This constitution is defective because it does not provide for the
constitutional protection of an ethnic group's right to propagate and
develop its language.  Nowhere is protection for our varied languages
and cultures expressly enshrined, nowhere is any specific provision
that we have the right to propagate our language and culture and teach
them in our schools.



This brings us to a greater truth occurring in most colonial
societies, once the struggle for self rule is over and independence is
achieved:  The most widespread genre of injustice in the world today
is the hidden internal colonialism, justified as "nationalism" or some
other convenient word-concept, that goes on unabated in former
European colonies; and which has resulted in staggering poverty,
destroyed ecosystems, monstrous primate cities, languages and
ethno-linguistic peoples held captive and extinguished.   This is a
picture of the current Tagalog-Filipino Philippines.



This is the Dark Age for a country that is now called the Philippines.
Each one of us is coerced to put pride of our original identity in the
backseat in favor of a forced ascription as Tagalog-Filipinos.
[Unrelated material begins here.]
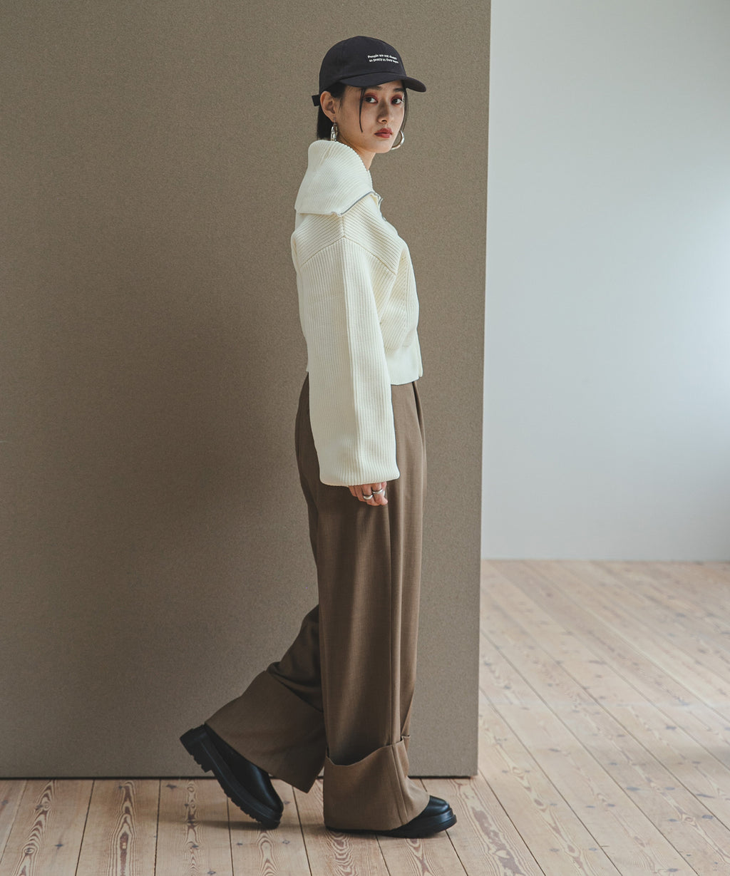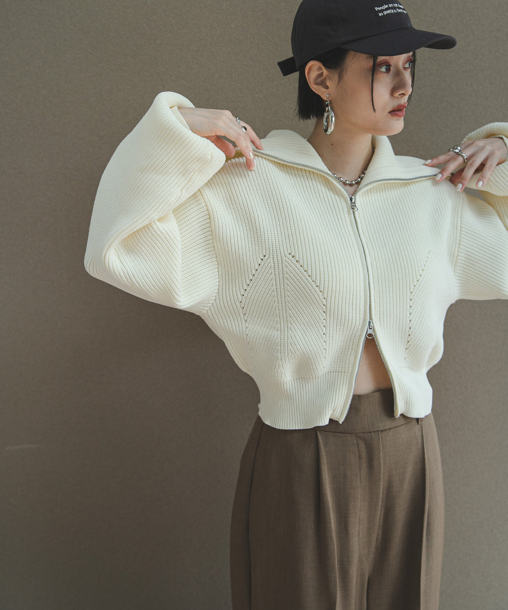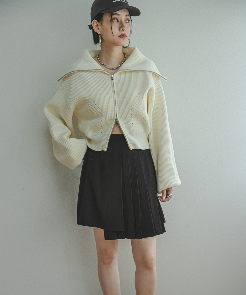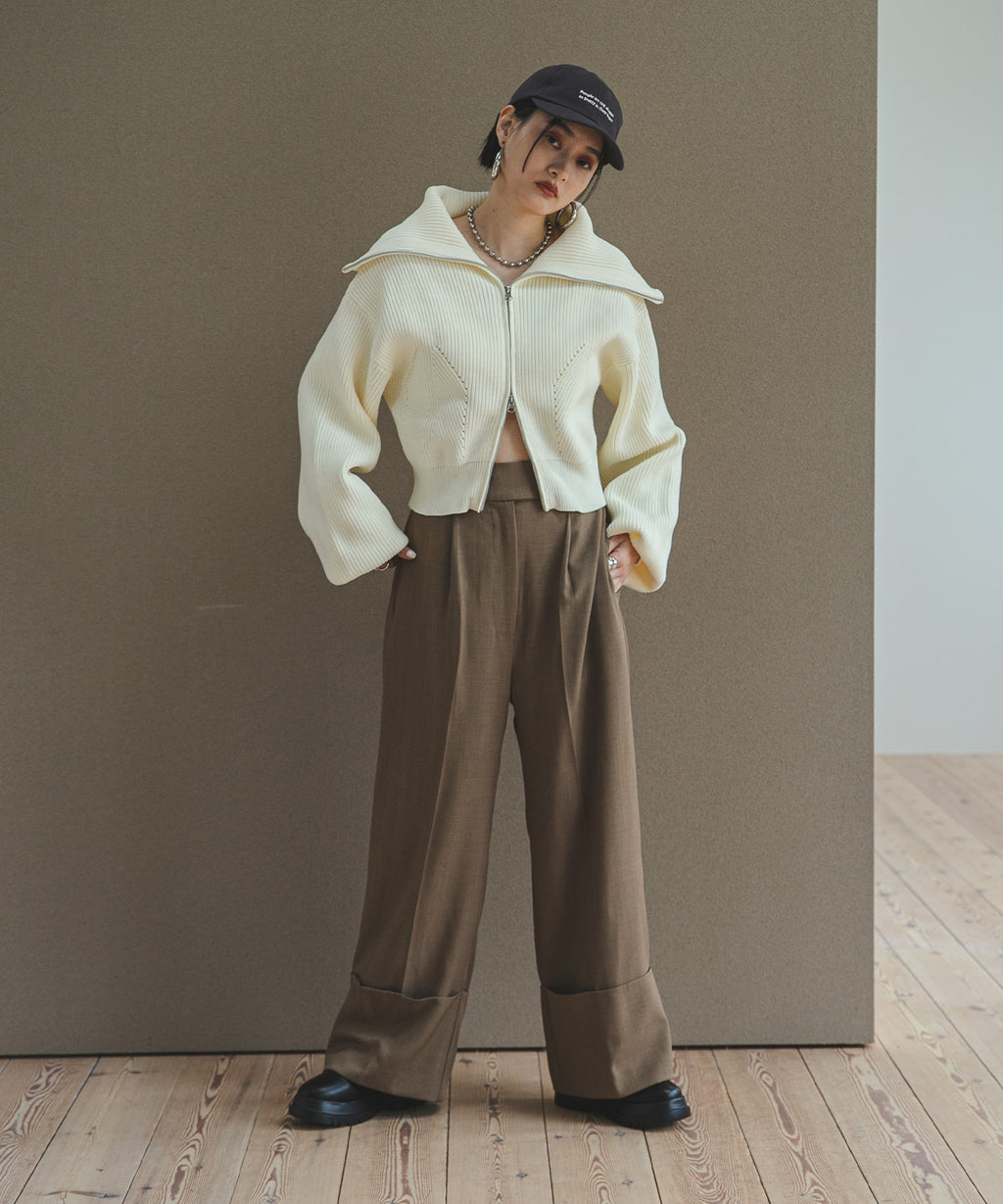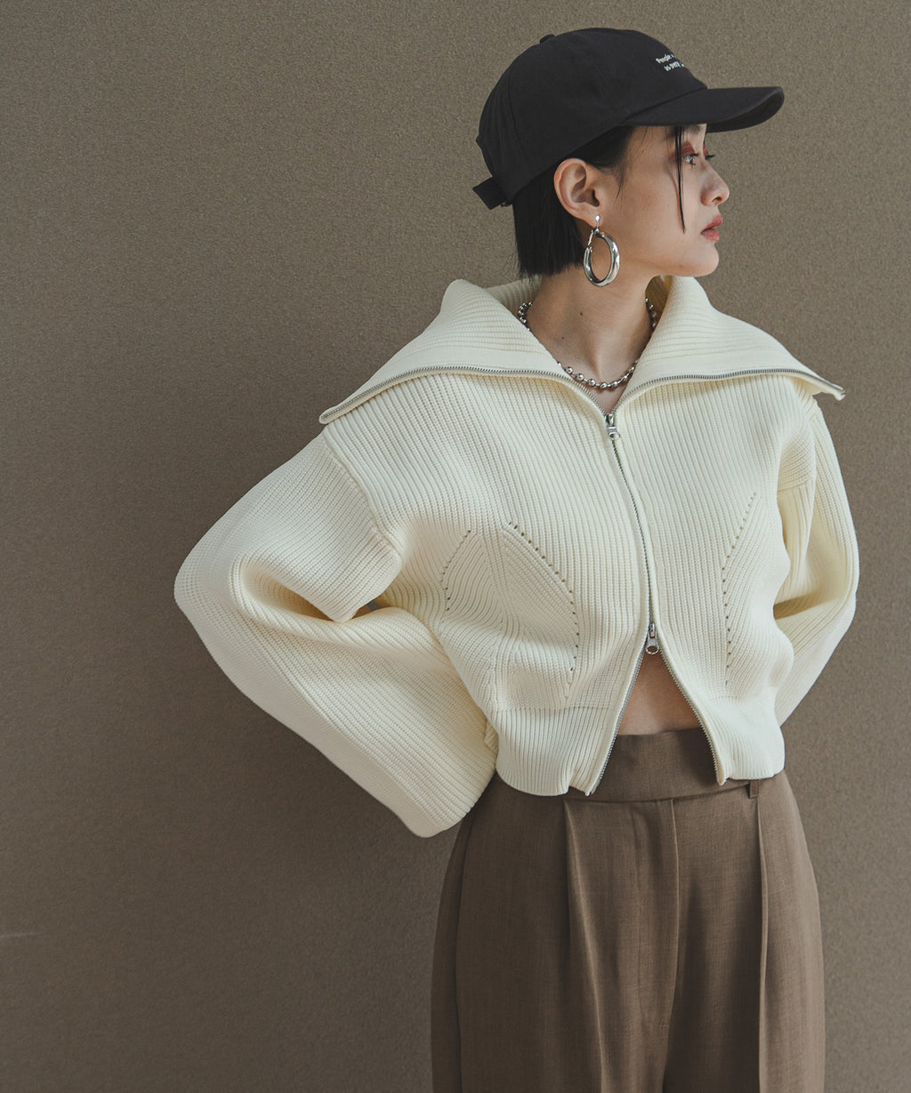 襟部分のみジップをあけて、襟の大きさで見せ方を変えたり、肌見せもできる変形可能なニットです。

It
creates a sore feeling of dispossession from one's true identity that
is not outwardly manifested.   The Tagalog people would never have to
experience the same because the "Filipino" national language and
identity is steeped on the milieu of their very own language and
culture.  There is no need to cross over ethnic lines.  For
non-Tagalogs, we are witnessing that a dichotomy of loyalties, one for
a forcefully imposed Tagalog-Filipino nationalism and one for our own
ethnicity is not possible without subjugating one to the other.   We
are subordinated to the ascription as Tagalog Filipinos and as the
remaking of our identity into Tagalog Filipino surreptitiously
continues, the more that the Tagalista establishment will demand from
our people to possess, love and show, first and foremost, a
Tagalog-Filipino identity.  Insisting on that guidepost is a sore
point because it is hard to extract and express a Tagalog-Filipino
nationalism from us.  We need a constitution that is not preferential
to one ethno linguistic group and that is not restrictive to the
others.  Let us remind the Tagalistas that the torment of being
forcibly ascribed a Tagalog-Filipino identity cannot remain latently
manifested.  We will carry a resistance movement so that this inner
conflict inside our hearts will be outwardly manifested and prod us to
action.   Let us remind the Tagalistas that when a minority mother
tongue and identity comes under attack, its users feel uncomfortable
and experience an inner conflict.  When people aren't at peace with
themselves, they can't be at peace with others.  The armed conflict in
Sri Lanka between the majority Sinhalese and the minority Tamils had
as a major cause the imposition of Sinhalese as the sole national
language over the objections of the Tamils.  In 1956, passage of the
Sinhala Only Act in parliament made Sinhala the sole official
language, and the Tamils resisted by armed conflict.  Over the years,
the violence associated with the introduction of the Sinhala Only Act
forced an explicit reversion to parity of status to the two languages,
Sinhala and Tamil, which came in 1987 and 1988 as part of a political
settlement brokered by the Indian government.  Violence is an
effective way of communicating sensitivity of an issue that unfavored
ethnic groups are passionate to another ethnic group with higher
hegemonic power in the political, cultural, educational, and economic
arena but is not sensitive to the issues felt strongly by the
unfavored ethnic groups.  In an ethno linguistically diverse
Philippines, we will avoid  resorting to violence to achieve
linguistic and cultural equality as well as political and economic
parity, areas presently dominated by the Tagalogs.  But if all
peaceful efforts fail, we shall not fail to count that as the last
option.  Thus, if a million Tagalogs need to be killed to get rid of
that stupid national language, RISE! RISE! RISE! RISE! RISE!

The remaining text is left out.